北京空港、定時出発率で世界主要空港中の最下位


—世界的なフライトデータ調査機関「フライトスタッツ」が発表—

 

2013-09-08  松尾芳郎

北京空港

図:(Wikipedia)北京空港の全景、長大なターミナルビル(茶色)を挟んで2本の併行滑走路(R/W 18R/36Lおよび18L/36R)、右端には横風用R/W (01/19)がある。1999年に日本の援助(ODA)で既存空港を大拡張した。年間乗降旅客数は8,200万人で世界2位。

 

米国の世界的なフライトデータ調査機関「フライトスタッツ(FlightStats)」は、定期的に世界の空港別、エアライン別などの定時出発率や定時到着率などを公表している。同社は先月2013年前半の世界主要空港35空港の定時出発率を発表した。そのなかで中国の北京国際空港は定刻15分以内に出発できた定時出発率は僅か18%、主要空港中35位の最下位だった。そして34位には上海浦東空港の29%がランクされている。

これについて中国の国家通信機関の一つ中国新聞[China News Service]は、空港遅延の最大の理由は一部で云われている空軍の横暴のためではないと否定し、民間航空には充分な空域が充当済みだ、と説明している。そして主な原因はエアラインの定時制確保に対する意欲不足、としている。中国新聞は新華通信社と並ぶ大手通信機関。

最下位と云う汚名を着た北京、上海の両空港は、中国最大の都市に隣接し最も混雑する空域にあることを勘案しなければならない。しかし中国民間航空局(CAAC)によると、中国全体の空港の平均でも、2012年の定時出発率は76%に止まっている。

社会の安定維持に懸命な独裁政権の施策に不満を抱く民衆が、空港当局やエアラインスタッフと衝突し、謝罪や補償を要求して出発遅れにつながっていることも、しばしば報道されている通りで、原因となる。

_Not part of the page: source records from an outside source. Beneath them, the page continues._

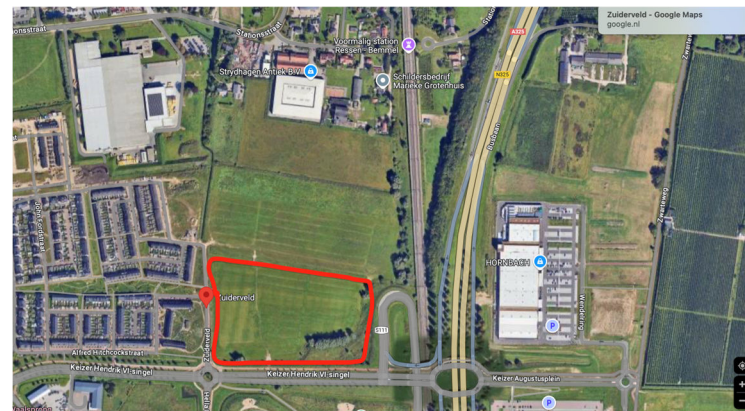
Figuur 1. Globale ligging archeologisch monument

De hoofdontsluiting gaat via de rotonde van de Keizer Hendrik VI-singel. Mogelijk dat er voor het langzame verkeer (voetgangers en fietsers) een ontsluiting komt richting het noorden (naar Ressen). Dit hangt af van de ontwikkeling/contacten met de bedrijven in het noorden. Verder komt in het plan ruimte voor een regio/brede basisschool (vrije school). Het plan voorziet niet in andere (commerciële) ruimtes/locaties.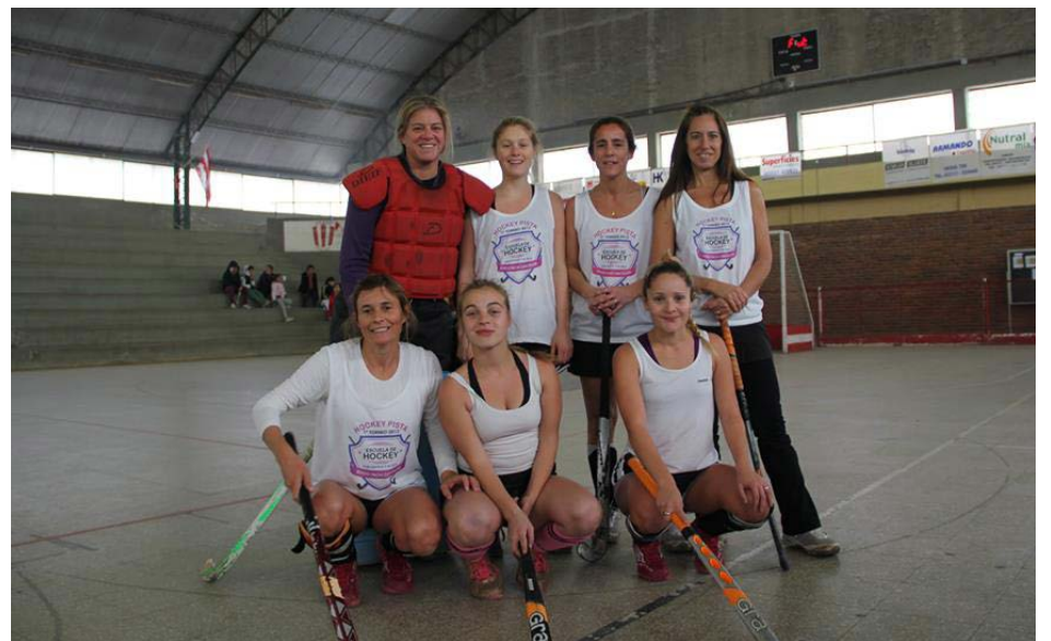
Equipo de La Aurora.

Las tres primeras jornadas fueron de las menores, con 8 equipos del Club Atlético 9 de Julio, 4 de Comodoro Py, 2 de Dudignac y 2 de San Martín, todos representantes de comercios locales, enfrentándose todos contra todos, arribando a las finales: en 9ª división R. A. Ghergo, que venció a Baires Wagen por 6 a 3; luego en 8ª Mariposas se impuso a Cambalachito 3 a 0; y en 7ª, La Madrugada venció a Verde Rana 2 a 0 y de esta manera se consagraron campeonas: de 9ª Ghergo y sub Baires Wagen; en 8ª campeón Mariposas y sub Cambalachito y en 7ª campeón La Madrugada y sub campeón Verde Rana. Los equipos de varones correspondieron 1 a San Martín, 1 a San Agustín y 3 a ex jugadores del Club Atlético 9 de Julio, éstos con distintos nombres, clasificados: primero La Cueva, segundo San Agustín, tercero Los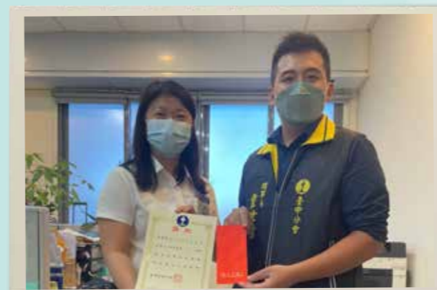
臺中分會致贈獎學金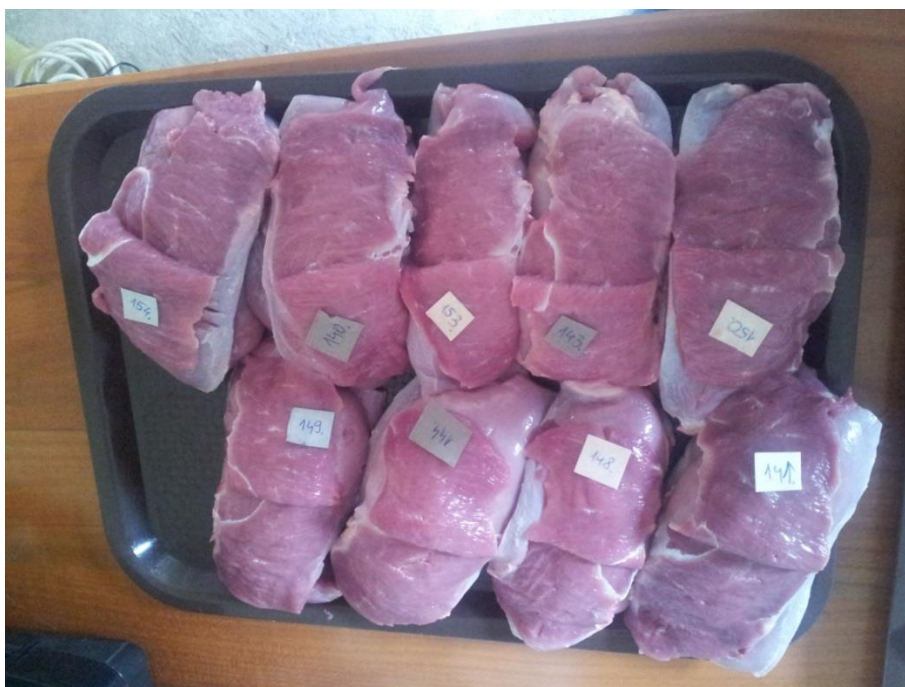
Slika 6. Uzorci mesa prsa pripremljeni za analizu boje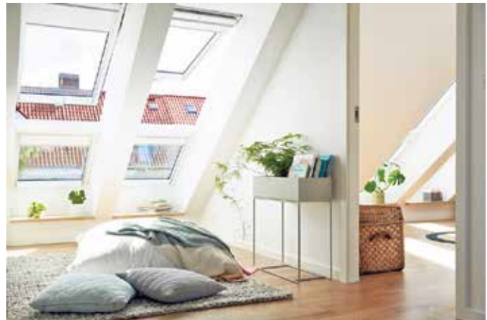
Glas schafft Licht, Raumbeziehungen und visuelle Offenheit.

Der Trend bei Glaselementen geht über reine Effizienz hinaus zu einer ganzheitlichen Betrachtung ihres Lebenszyklus: Wie wirkt ein Bauteil über Jahrzehnte? Wie lassen sie sich Ressourcen schonend wiederverwenden oder recyceln? Hochwertige Verglasungen punkten mit Energiekennwerten und Langlebigkeit, mit Reparaturfähigkeit sowie Recycling. Der Bundesverband Flachglas fördert diese Entwicklung gemeinsam mit der Gütegemeinschaft Flachglas, indem sie Verglasungen mit klar definierten Qualitäts- und Prüfstandards auszeichnen und so eine verlässliche Basis für nachhaltiges Bauen schaffen. Die Zukunft von Verglasungen zeigt sich im Zusammenspiel von technischer Leistungsfähigkeit, gestalterischer Vielfalt und nachhaltiger Verantwortung. Für Bauherren, Planer und Architekten ist Glas ein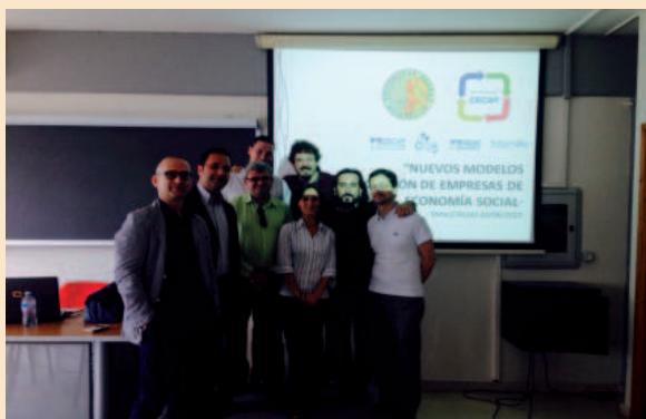
Imagen de grupo de la presencia de Grupo CECAP en la universidad Enna Kore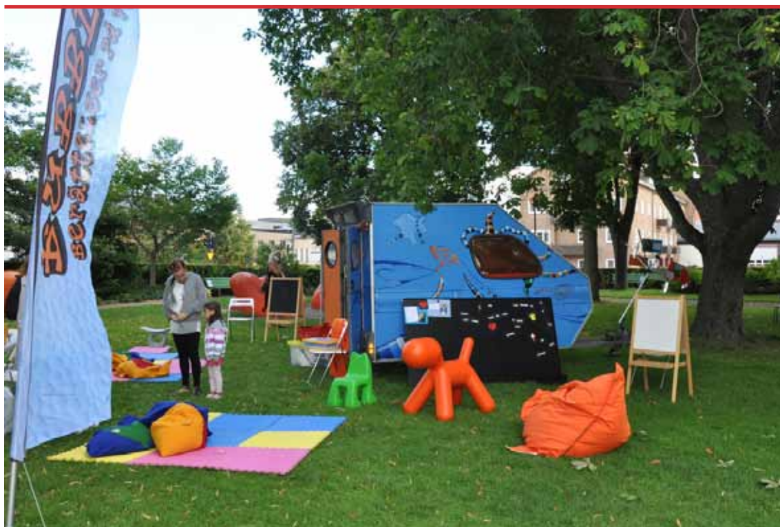
Bubblan – husvagnen med berättelser på väg – förbereder sig för anstormningen av 300 barn i Stadsparken under Katrineholmsveckan 2011.

Människor vänder sig till de bibliotek de har i sin närhet, och som fyller deras behov, utan att tänka på att biblioteken har olika huvudmän och olika uppdrag – det blir BIBLIOTEKET som funktion i ett samhälle i utveckling. ”Har man kommit till ett bibliotek har man kommit rätt.” Genom att utveckla nya arenor, exempelvis genom projektet ”Bubblan”, når biblioteken fler nya grupper.

中国新聞は、出発遅延の原因の42%はエアラインの管理体制の不備にあり、航空交通量の増大によるものが26%、悪天候が21%、そして空軍の演習などの活動は7%、と分析している。そして何よりも、過去5年間の航空交通量は、北京で29%、上海で36%増えているのが対処を難しくしている原因だ、としている。

交通量増大に対処するためCAACは、今年7月から新ルールの運用を始めた。新ルールでは、国内主要8空港から出発するフライトは到着予定空港の許可や指示無しで出発でき、悪天候や空軍の要求の場合を除き、到着空港はそれを優先的に着陸させるべし、と云うもの。地方空港は往々にして地元エアラインを優遇して取り扱っていたが、これが出来なくなる。

しかし諸外国の航空関係者の間では、これだけでは不十分とする意見が多い。航空管制上の航空機同士の間隔(aircraft separation)が大きすぎること、飛行空域が不当に制限され全体の34%しか使えないこと、空軍への割当てが25%と多すぎること(他は殆ど使用されない空域)、これ等が解決されないと遅延解消には繋がらないだろう、としている。

これでは、9月5日掲載の「中国民間航空機市場、向う20年間で3倍に成長」にある予測の実現にはブレーキが掛かりそうだ。

今年前半の世界35主要空港の定時出発率の上位には、羽田91%、ミュンヘン86%、成田84%、がトップ3にランクされていることも付記しておく。